WHAT TO DO ▸ Output exactly the lines of the listing below that run from the line with "Wallpaper Big brown bear in the green grass" through the line with "Mess-Free, Easy Refilling: Innovative". No pictures.

DATA EXTRACT ▸
________________________________________

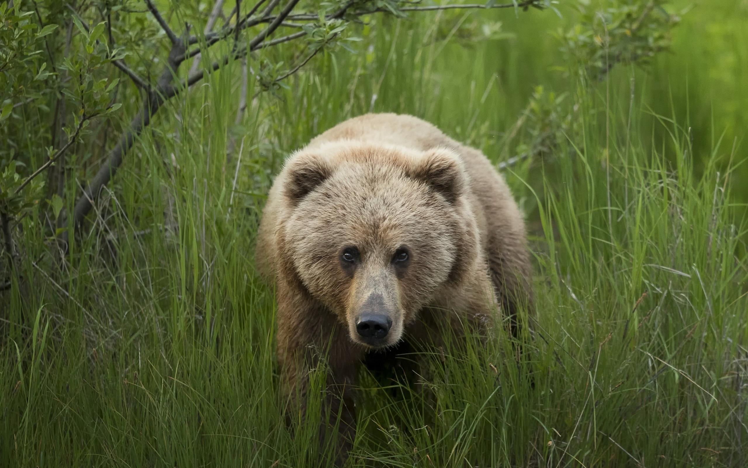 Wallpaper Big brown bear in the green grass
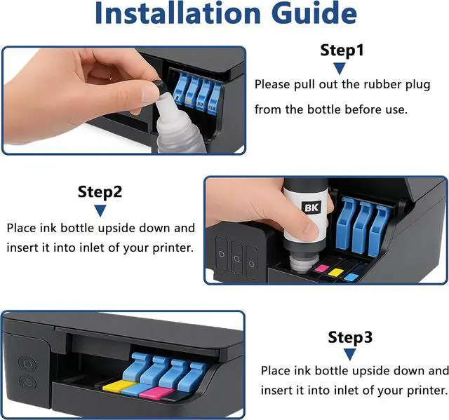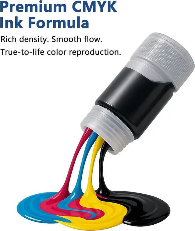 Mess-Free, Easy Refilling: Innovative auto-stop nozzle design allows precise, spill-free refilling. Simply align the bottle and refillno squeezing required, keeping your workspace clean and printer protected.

________________________________________

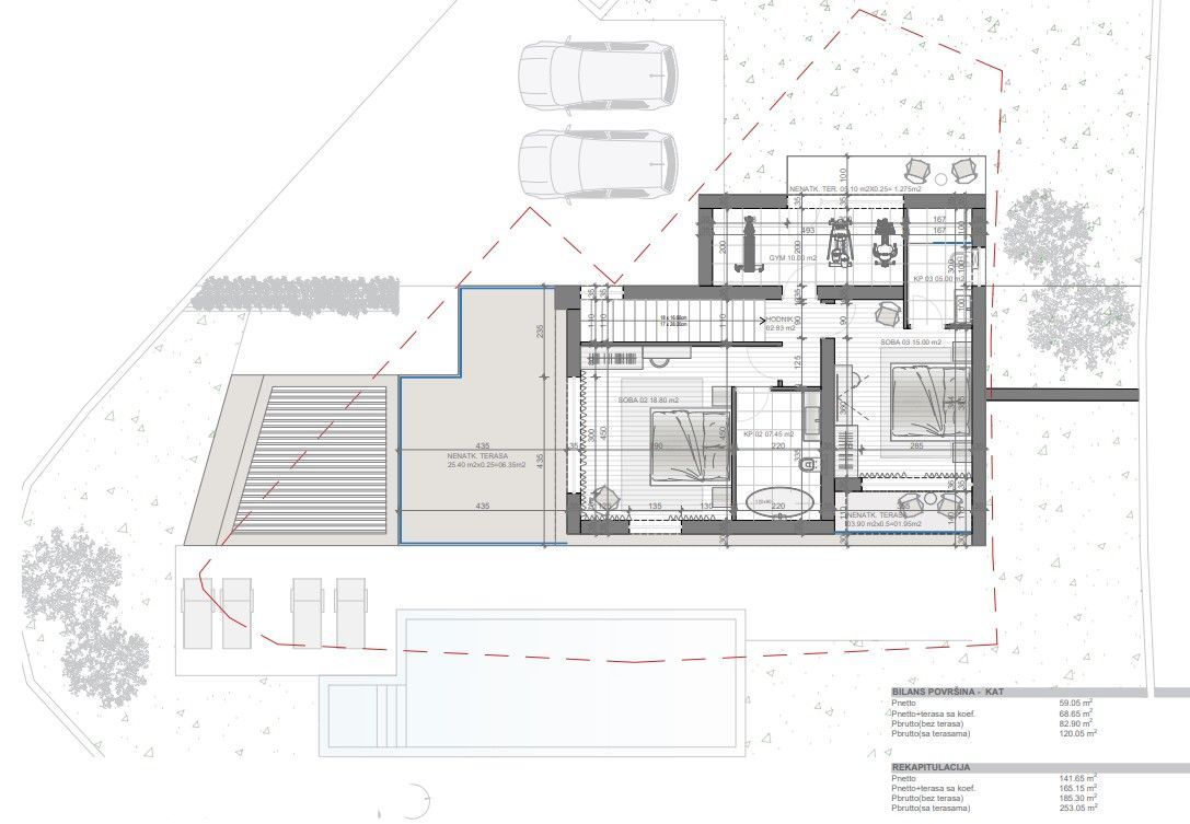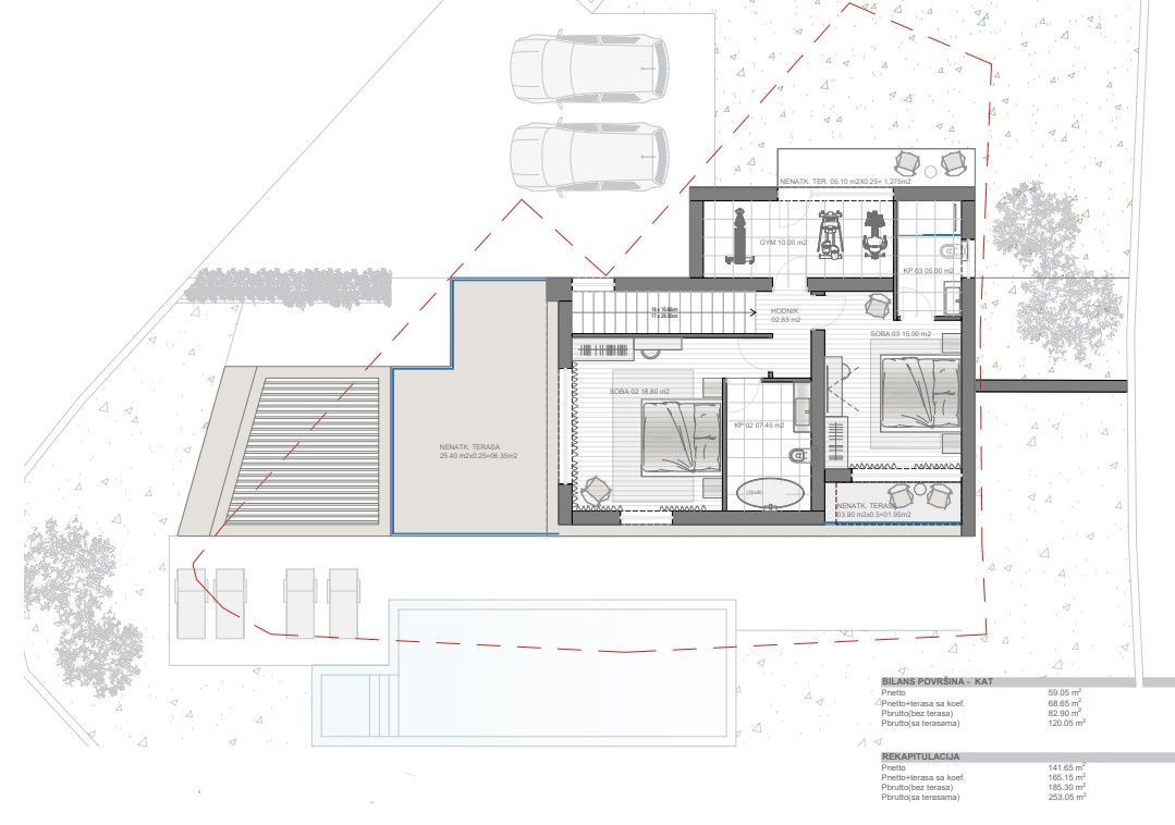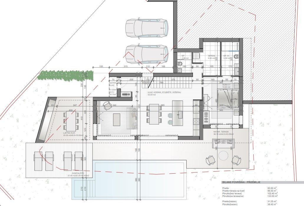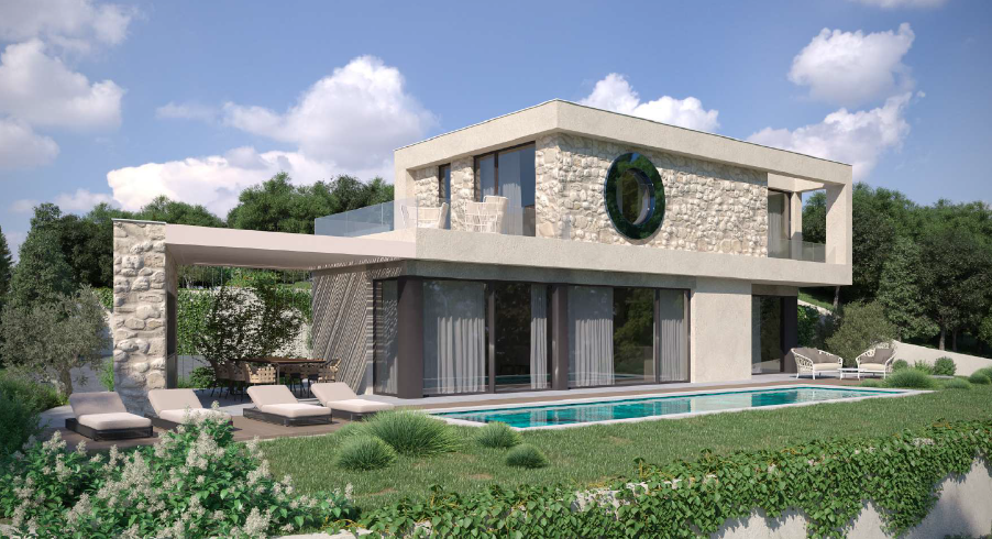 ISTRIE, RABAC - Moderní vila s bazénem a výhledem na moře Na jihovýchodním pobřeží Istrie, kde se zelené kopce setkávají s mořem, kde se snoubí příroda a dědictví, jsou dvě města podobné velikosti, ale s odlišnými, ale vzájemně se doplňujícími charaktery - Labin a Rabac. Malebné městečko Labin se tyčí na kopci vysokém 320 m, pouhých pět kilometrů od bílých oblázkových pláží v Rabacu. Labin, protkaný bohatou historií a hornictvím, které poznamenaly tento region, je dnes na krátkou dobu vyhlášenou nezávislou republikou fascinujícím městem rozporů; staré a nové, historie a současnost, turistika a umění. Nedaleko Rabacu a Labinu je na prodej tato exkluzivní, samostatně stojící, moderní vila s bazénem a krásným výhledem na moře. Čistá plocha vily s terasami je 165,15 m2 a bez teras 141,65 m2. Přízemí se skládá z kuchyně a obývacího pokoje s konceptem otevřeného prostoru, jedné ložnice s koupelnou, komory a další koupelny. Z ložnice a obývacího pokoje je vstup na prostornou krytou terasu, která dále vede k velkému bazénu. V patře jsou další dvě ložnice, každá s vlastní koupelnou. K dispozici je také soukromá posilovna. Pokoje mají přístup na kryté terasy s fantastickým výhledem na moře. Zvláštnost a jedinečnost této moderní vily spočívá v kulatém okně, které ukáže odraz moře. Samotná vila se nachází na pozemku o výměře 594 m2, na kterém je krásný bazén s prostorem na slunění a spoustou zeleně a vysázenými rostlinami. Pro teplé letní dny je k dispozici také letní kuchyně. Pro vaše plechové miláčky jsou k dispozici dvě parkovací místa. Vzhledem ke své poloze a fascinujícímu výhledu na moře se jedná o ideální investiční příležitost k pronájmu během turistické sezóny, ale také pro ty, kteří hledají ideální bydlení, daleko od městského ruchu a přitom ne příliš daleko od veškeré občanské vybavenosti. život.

________________________________________

WRITTEN ANSWER ▸
 Wallpaper Big brown bear in the green grass
 Mess-Free, Easy Refilling: Innovative auto-stop nozzle design allows precise, spill-free refilling. Simply align the bottle and refillno squeezing required, keeping your workspace clean and printer protected.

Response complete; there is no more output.